Tarot Joie
A dix heures quinze, le baromètre était à 19 pouces,
et le thermomètre à 3 degrés au-dessus de zéro.
Se sentant envahi par tous les malaises dus à la raréfaction
de l'air, l'aéronaute se hâta de commencer ses expériences
et constata « que l'électricité des nuages obtenue trois
fois était toujours vitrée ».
Cependant, bien que fort incommodés, ils continuaient à monter,
le froid augmentait, leurs oreilles bourdonnaient, leur anxiété
devenait intolérable. La douleur qu'ils éprouvaient «
avait quelque chose de semblable à celle qu'on ressent lorsqu'on plonge
la tête dans l'eau. Nos poitrines paraissaient dilatées et manquaient
de ressort, mon pouls était précipité. Celui de M. Lhoest
l'était moins. Il avait, ainsi que moi, les lèvres grosses,
les yeux saignants, toutes les veines étaient arrondies et se dessinaient
en relief sur mes mains. Le froid se portait tellement à la tête
qu'il me fit remarquer que son chapeau lui paraissait trop étroit...
« ... Le thermomètre descendit à 5 degrés et demi
au-dessous de glace, tandis que le baromètre était à
12 pouces 4/100. A peine me trouvai-je dans cette atmosphère que le
malaise augmenta ; j'étais dans une apathie morale et physique. Nous
pouvions à peine nous défendre d'un assoupissement que nous
redoutions comme la mort...
« ... c'est un tirage de Tarot dans cet état, peu propre à des expériences
délicates, qu'il fallut commencer les observations que je me proposais...
»
Les opinions scientifiques émises par Robertson rencontrèrent
une vive opposition parmi les savants du monde entier. Or, pour démontrer
l'exactitude de ses observations, l'aéronaute, accompagné d'un
savant russe représentant l'Académie de Saint-Pétersbourg,
M. Zuccharoff, firent à Moscou une nouvelle ascension et renouvelèrent
pendant plusieurs heures les expériences de Robertson.
M. Zuccharoff confirma plusieurs des assertions du Flamand, surtout celles
relatives à l'affaiblissement graduel de l'action magnétique
de la terre.
Mais après cette épreuve nouvelle, la lutte recommença
plus violente et plus acharnée parmi les hommes de science.
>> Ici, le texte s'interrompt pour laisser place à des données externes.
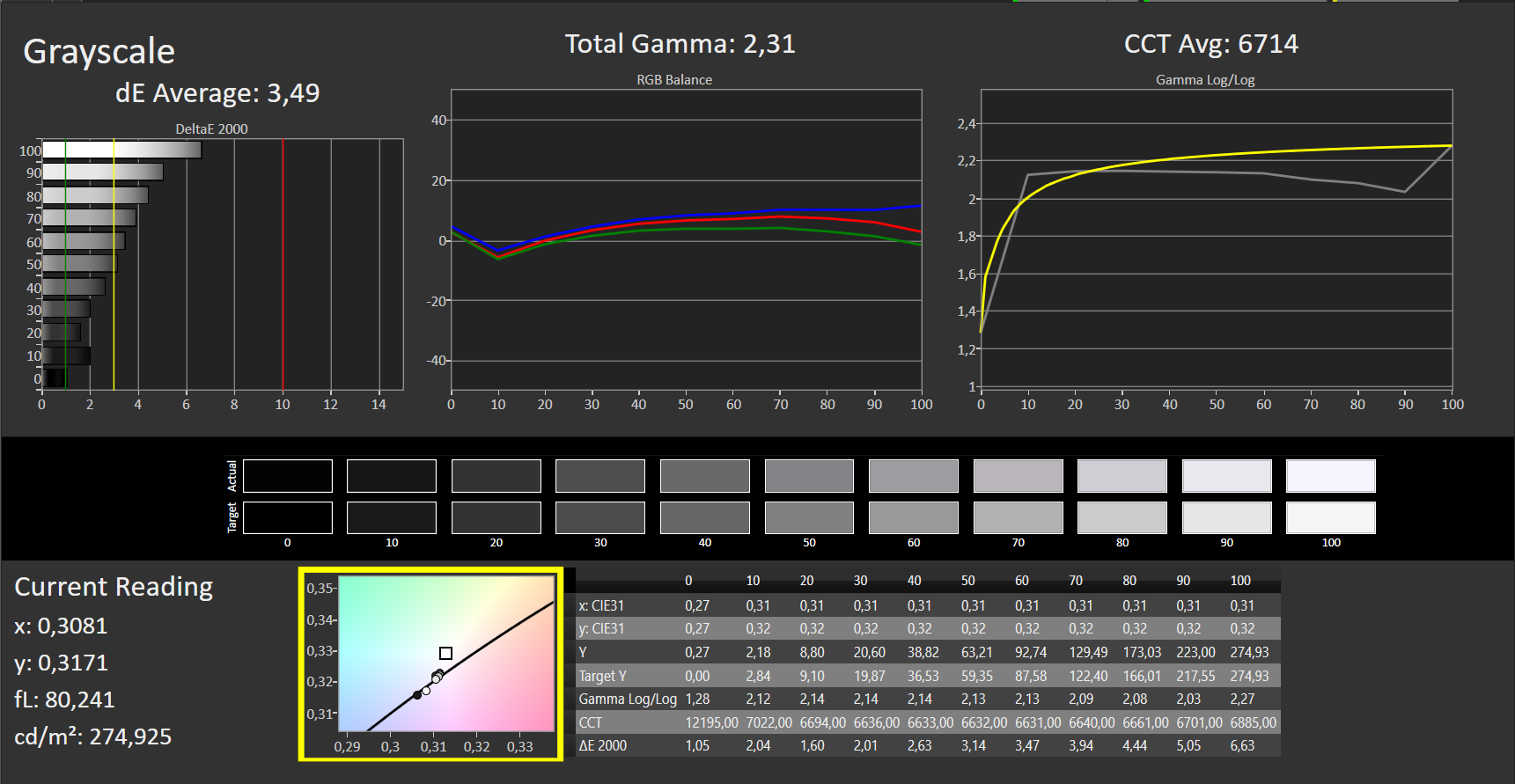 ΔE Greyscale Calman: 3.49 | ∀{0.09-98 Ø5}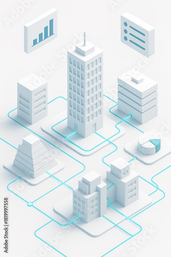 Isometric 3D Smart City Concept Illustration with Floating Data Modules, White Background.

A Paris,
les membres de l'Institut se divisèrent en deux camps, qui auraient
bien longtemps discuté si Laplace n'avait proposé, au cours
d'une séance, de faire de nouvelles expériences.
Biot et Gay-Lussac, professeurs de physique, furent choisis pour cette épreuve.
L'ascension, une des plus célèbres qui aient jamais été
faites, eut lieu le 20 août 1804.
« Notre but principal, écrivait quelques jours plus tard Biot
dans un rapport à l'Académie des sciences, était d'examiner
si la propriété magnétique éprouve quelque diminution
appréciable quand on s'éloigne de la terre. Saussure, d'après
des expériences faites sur le col du Géant, à 3 435 mètres
de hauteur, avait cru y reconnaître un affaiblissement très sensible
qu'il évaluait à 1/5. Quelques physiciens avaient même
annoncé que cette propriété se perd entièrement
quand on s'éloigne de la terre dans un aérostat.